Supplied entries.
+++

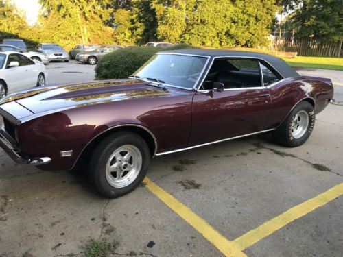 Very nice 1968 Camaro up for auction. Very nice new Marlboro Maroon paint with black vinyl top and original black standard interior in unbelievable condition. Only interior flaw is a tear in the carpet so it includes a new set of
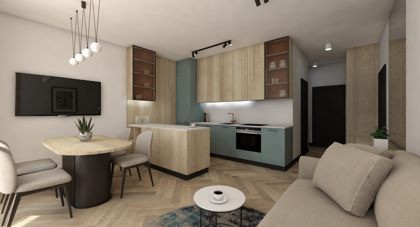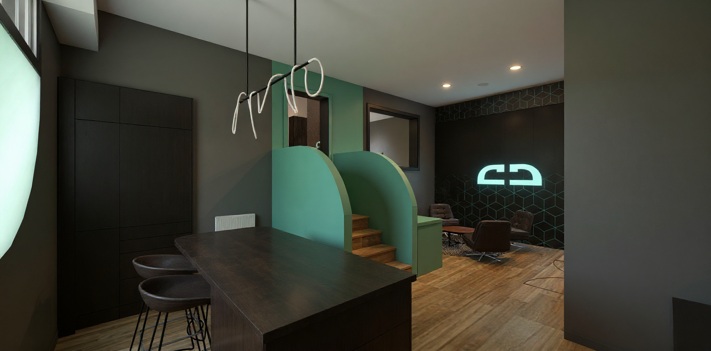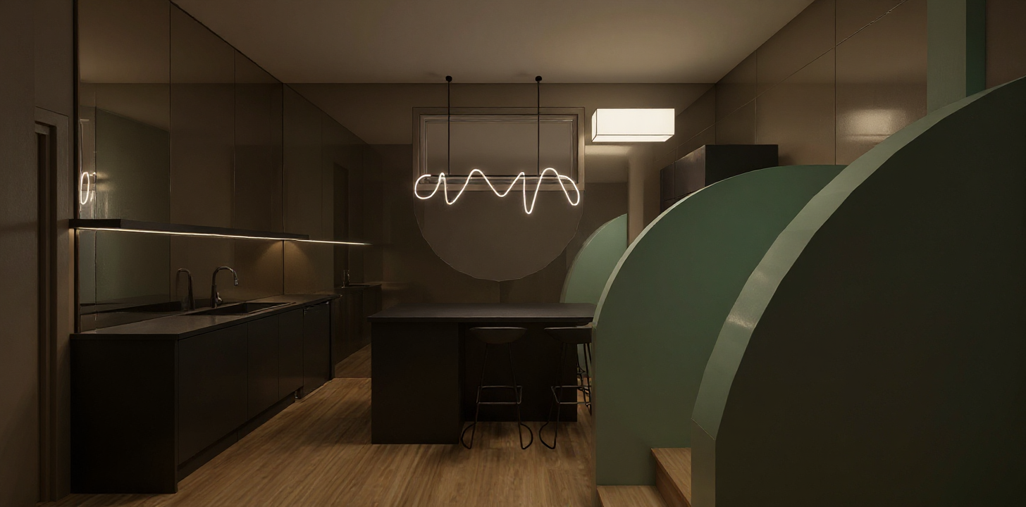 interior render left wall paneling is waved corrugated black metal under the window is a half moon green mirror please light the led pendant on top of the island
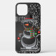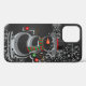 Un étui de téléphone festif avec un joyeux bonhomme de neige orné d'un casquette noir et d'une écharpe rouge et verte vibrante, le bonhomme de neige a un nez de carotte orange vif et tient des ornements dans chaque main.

+++

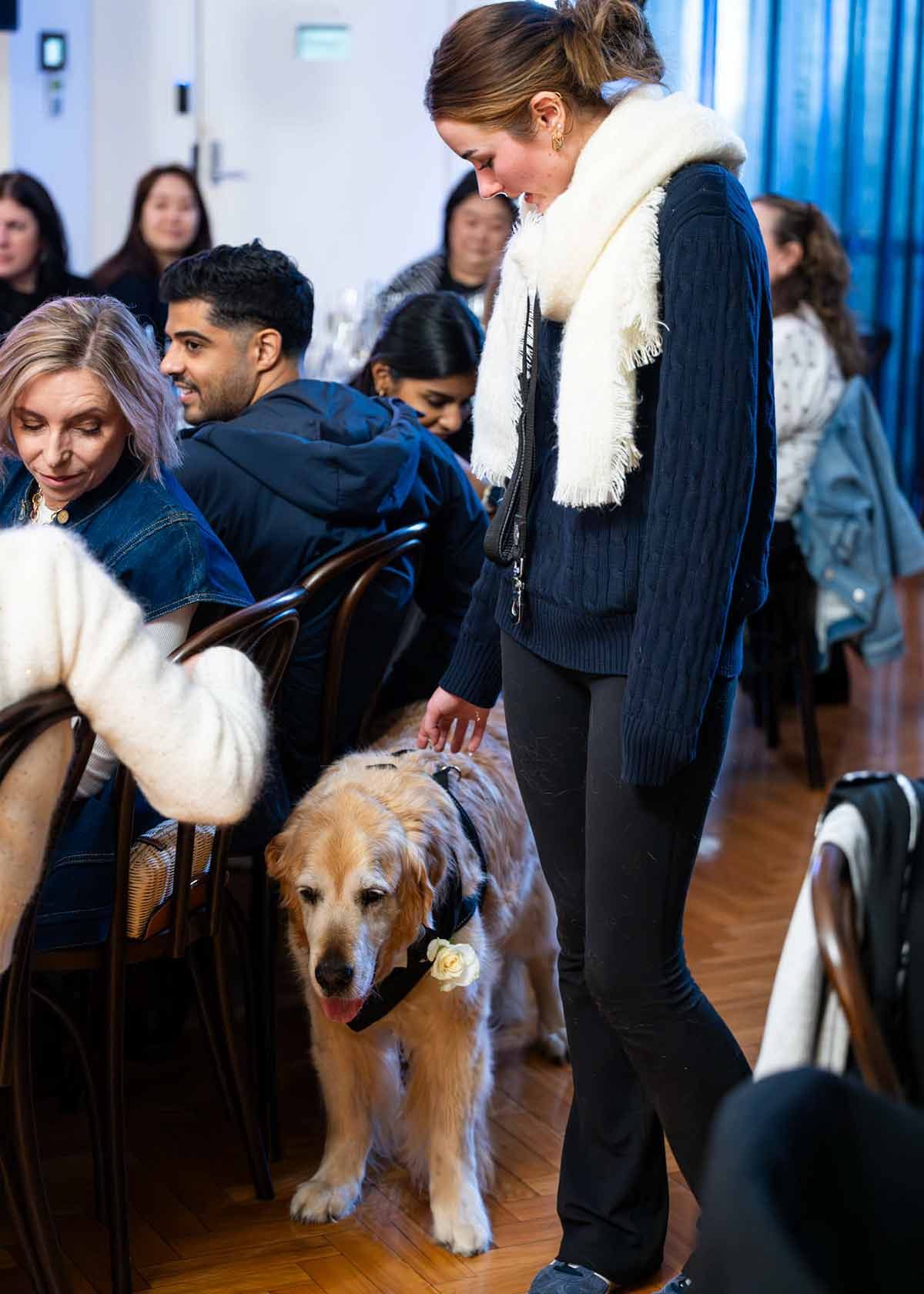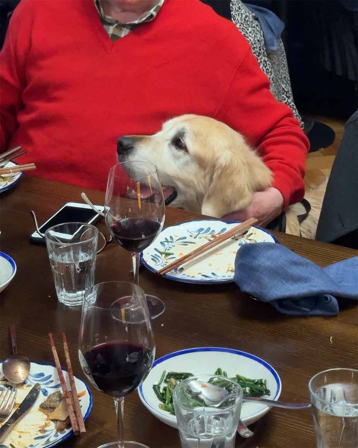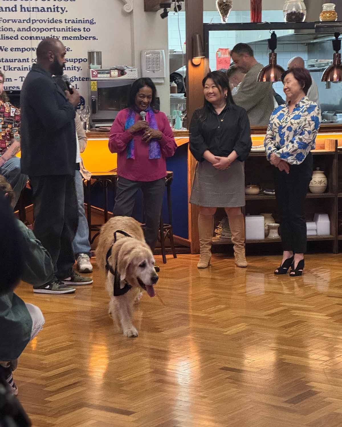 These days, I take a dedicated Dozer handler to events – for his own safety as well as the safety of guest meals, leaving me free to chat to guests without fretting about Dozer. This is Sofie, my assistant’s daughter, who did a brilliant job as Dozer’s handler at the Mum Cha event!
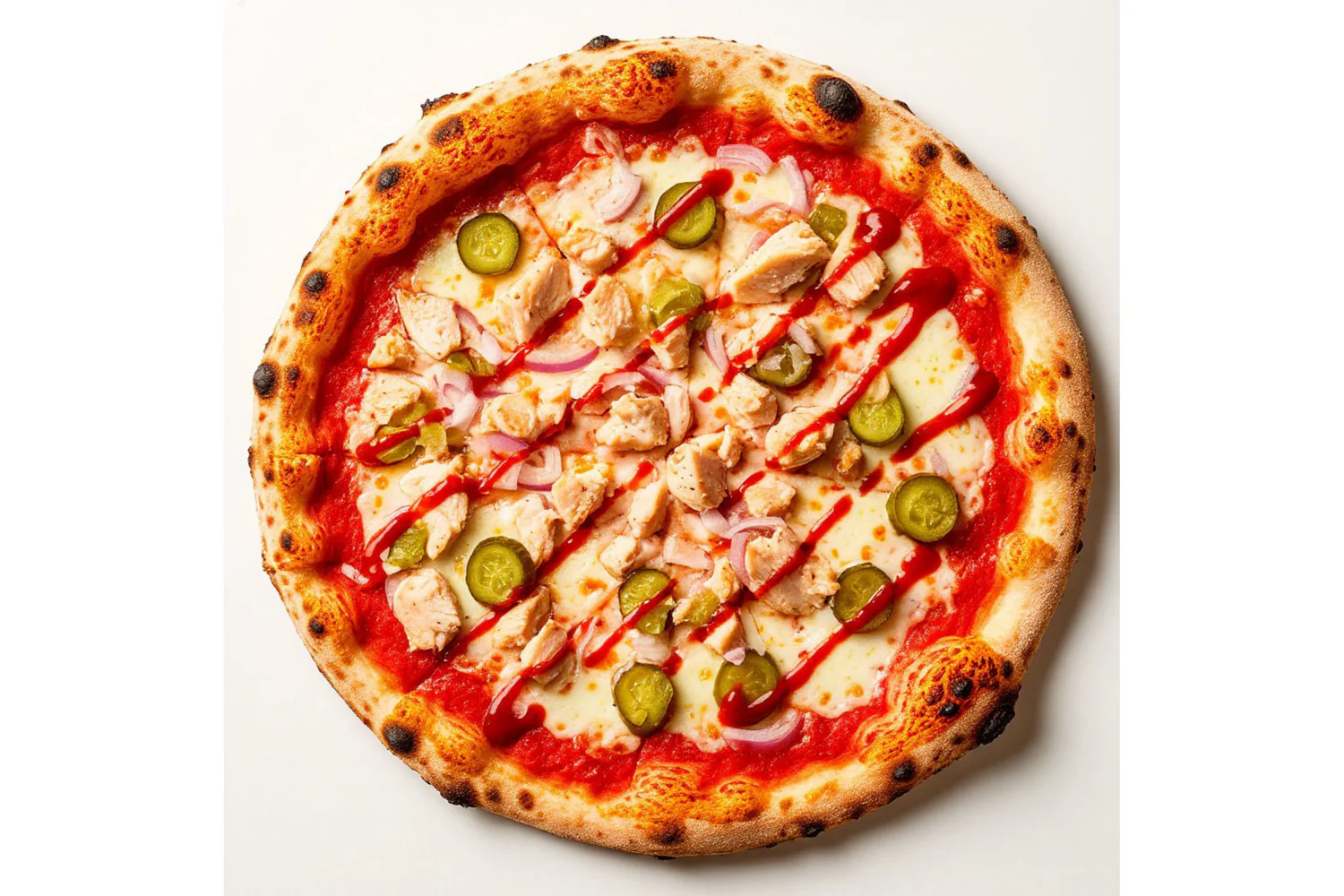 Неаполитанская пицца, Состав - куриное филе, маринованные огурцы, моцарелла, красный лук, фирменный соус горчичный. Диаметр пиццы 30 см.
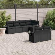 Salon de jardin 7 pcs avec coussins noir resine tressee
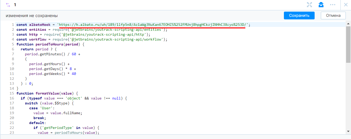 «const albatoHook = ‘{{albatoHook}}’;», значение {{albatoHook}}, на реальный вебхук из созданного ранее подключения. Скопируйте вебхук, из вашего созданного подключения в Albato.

+++

What to work on. Go to the line above that contains "Very nice 1968" and reproduce everything exactly from there through the line that contains "Un étui de téléphone", leaving out the pictures.

Answer box.
 Very nice 1968 Camaro up for auction. Very nice new Marlboro Maroon paint with black vinyl top and original black standard interior in unbelievable condition. Only interior flaw is a tear in the carpet so it includes a new set of
 interior render left wall paneling is waved corrugated black metal under the window is a half moon green mirror please light the led pendant on top of the island
 Un étui de téléphone festif avec un joyeux bonhomme de neige orné d'un casquette noir et d'une écharpe rouge et verte vibrante, le bonhomme de neige a un nez de carotte orange vif et tient des ornements dans chaque main.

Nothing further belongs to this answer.